* Task:
I need the lines below from the one with "Samuel wurde in" down to the one with "通過觀察當(dāng)?sh" reproduced exactly, both ends included, and nothing else.

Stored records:
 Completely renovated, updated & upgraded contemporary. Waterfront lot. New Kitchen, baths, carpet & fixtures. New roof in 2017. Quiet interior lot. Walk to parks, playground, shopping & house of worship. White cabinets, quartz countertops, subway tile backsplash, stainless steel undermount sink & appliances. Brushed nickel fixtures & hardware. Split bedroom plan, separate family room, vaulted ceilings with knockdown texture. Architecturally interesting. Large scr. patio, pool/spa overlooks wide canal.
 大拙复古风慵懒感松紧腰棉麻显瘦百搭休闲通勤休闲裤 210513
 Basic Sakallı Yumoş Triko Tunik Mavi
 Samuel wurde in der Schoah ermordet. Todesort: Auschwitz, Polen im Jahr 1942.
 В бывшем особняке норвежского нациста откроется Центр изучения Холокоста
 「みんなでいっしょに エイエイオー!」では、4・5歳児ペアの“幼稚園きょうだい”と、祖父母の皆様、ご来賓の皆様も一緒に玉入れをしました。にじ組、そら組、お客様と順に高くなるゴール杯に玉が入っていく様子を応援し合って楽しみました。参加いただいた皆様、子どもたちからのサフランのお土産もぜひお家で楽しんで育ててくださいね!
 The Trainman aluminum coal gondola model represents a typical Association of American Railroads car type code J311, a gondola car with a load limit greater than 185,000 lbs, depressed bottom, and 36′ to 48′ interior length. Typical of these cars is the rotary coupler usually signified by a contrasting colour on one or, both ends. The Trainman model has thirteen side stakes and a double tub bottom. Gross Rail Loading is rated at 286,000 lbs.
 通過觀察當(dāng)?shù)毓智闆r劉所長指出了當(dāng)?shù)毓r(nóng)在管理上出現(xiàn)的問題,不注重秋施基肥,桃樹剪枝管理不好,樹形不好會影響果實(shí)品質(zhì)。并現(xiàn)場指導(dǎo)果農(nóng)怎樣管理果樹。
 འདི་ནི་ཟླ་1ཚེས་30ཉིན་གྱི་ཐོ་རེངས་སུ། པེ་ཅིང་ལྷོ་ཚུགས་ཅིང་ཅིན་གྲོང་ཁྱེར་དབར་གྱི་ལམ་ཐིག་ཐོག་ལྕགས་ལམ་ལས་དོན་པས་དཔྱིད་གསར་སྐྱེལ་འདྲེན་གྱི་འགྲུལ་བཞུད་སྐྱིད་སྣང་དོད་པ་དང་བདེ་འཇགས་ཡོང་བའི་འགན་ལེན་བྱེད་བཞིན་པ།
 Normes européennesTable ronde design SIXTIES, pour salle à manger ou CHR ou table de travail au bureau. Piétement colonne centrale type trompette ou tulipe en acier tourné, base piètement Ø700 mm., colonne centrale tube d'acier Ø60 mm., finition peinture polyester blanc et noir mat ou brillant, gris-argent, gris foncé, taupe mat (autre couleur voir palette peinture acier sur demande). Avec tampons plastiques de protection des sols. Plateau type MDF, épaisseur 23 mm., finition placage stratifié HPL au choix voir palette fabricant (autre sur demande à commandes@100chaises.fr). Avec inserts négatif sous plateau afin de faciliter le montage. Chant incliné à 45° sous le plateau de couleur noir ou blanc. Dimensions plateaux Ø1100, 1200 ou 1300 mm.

* Task answer:
 Samuel wurde in der Schoah ermordet. Todesort: Auschwitz, Polen im Jahr 1942.
 В бывшем особняке норвежского нациста откроется Центр изучения Холокоста
 「みんなでいっしょに エイエイオー!」では、4・5歳児ペアの“幼稚園きょうだい”と、祖父母の皆様、ご来賓の皆様も一緒に玉入れをしました。にじ組、そら組、お客様と順に高くなるゴール杯に玉が入っていく様子を応援し合って楽しみました。参加いただいた皆様、子どもたちからのサフランのお土産もぜひお家で楽しんで育ててくださいね!
 The Trainman aluminum coal gondola model represents a typical Association of American Railroads car type code J311, a gondola car with a load limit greater than 185,000 lbs, depressed bottom, and 36′ to 48′ interior length. Typical of these cars is the rotary coupler usually signified by a contrasting colour on one or, both ends. The Trainman model has thirteen side stakes and a double tub bottom. Gross Rail Loading is rated at 286,000 lbs.
 通過觀察當(dāng)?shù)毓智闆r劉所長指出了當(dāng)?shù)毓r(nóng)在管理上出現(xiàn)的問題,不注重秋施基肥,桃樹剪枝管理不好,樹形不好會影響果實(shí)品質(zhì)。并現(xiàn)場指導(dǎo)果農(nóng)怎樣管理果樹。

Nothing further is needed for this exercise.